● **PROBLEM DESCRIPTION**
Retype each line of the data below exactly, beginning with the first and ending with the one that contains "Kupione każdy po". Pictures do not belong in the copy.

● **RECORDED DATA**
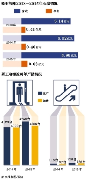 截至2015年末,菱王电梯资产总额达到7.5亿元。经营方面,2013年至2015年,其营业收入均保持在5亿元上方,且过去三年的年复合增长率为7.21%。同期,公司净利润分别为4086万元、4564万元和6280万元。
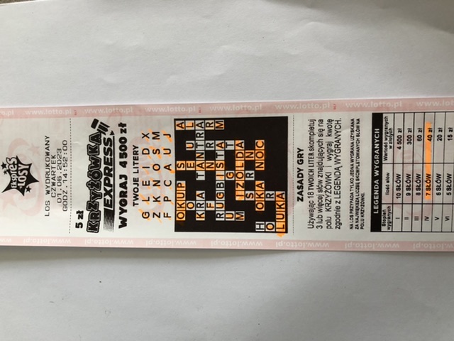 Kupione każdy po jednym. Na wydane 29zł wygrana to 30zł
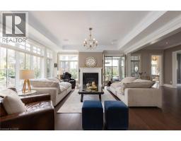 Elegant lakeside living in SW Oakville. Welcome to 21 Lambert Common! Tremendous opportunity to own a custom-built executive home by the water on a private road in the highly sought-after & exclusive community of Edgewater Estates. Just a stones throw away from the highly esteemed Appleby College. Enjoy the peace of mind that comes with an overnight neighbourhood security patrol. Discover over 6,700 sq.f t. of refined living space in this updated residence. Step into the grand foyer feat. 20' ceilings & heated porcelain floors that set the tone for this exceptional home. The formal LIV & DIN rooms showcase 10' tray ceilings, elegant wall paneling & moldings, while oversized windows bathe these spaces in natural light. The chef-inspired kitchen boasts premium Wolf B/I appliances & stovetop, complemented by a generous island and servery. Enjoy casual meals in the breakfast area w/ a W/O to a stone patio. The open, bright & spacious great room is surrounded by LRG windows, centers around a gas fireplace & flows seamlessly to an office w/ cathedral ceiling. Step down into the remarkable glassed-in sunroom - perfect for those special morning coffee moments w/ loved ones. Surround yourself in natures beauty & simply enjoy. A powder room, mudroom w/ separate entrance & laundry area (garage access) add convenience to the main floor plan. Upstairs, the primary impresses w/ 12 ceilings, a gas fireplace, LRG W/I closet & 5PC ensuite feat. a steam shower, soaker tub & heated floors. 3 additional bedrooms, each with W/I closets & private or shared ensuite privileges complete this floor. The lower level with W/O to rear yard offers a recreation area, fireplace feature wall, exercise room, games area w/wet bar, 2nd laundry, den, powder room, bathroom and 5th bedroom w/ ensuite.The backyard retreat includes an outdoor kitchenette, waterfall feature wall & decorative concrete fire bowl. Privacy, security, luxury, quality, beauty & comfort. This is 21 Lambert Common. Luxury Certified (id:46441)
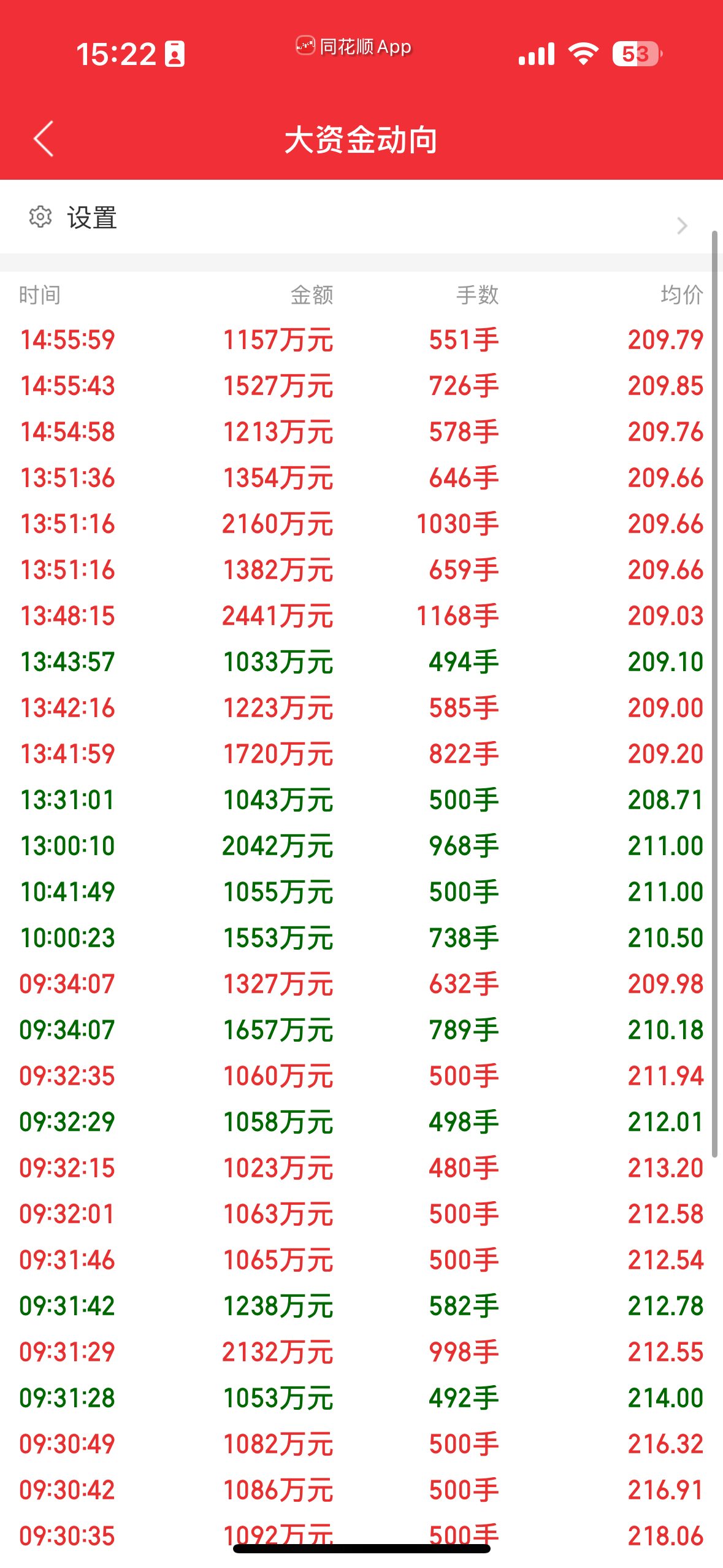 同花顺显示大额资金买卖总计 33 笔

● **WRITTEN ANSWER**
 截至2015年末,菱王电梯资产总额达到7.5亿元。经营方面,2013年至2015年,其营业收入均保持在5亿元上方,且过去三年的年复合增长率为7.21%。同期,公司净利润分别为4086万元、4564万元和6280万元。
 Kupione każdy po jednym. Na wydane 29zł wygrana to 30zł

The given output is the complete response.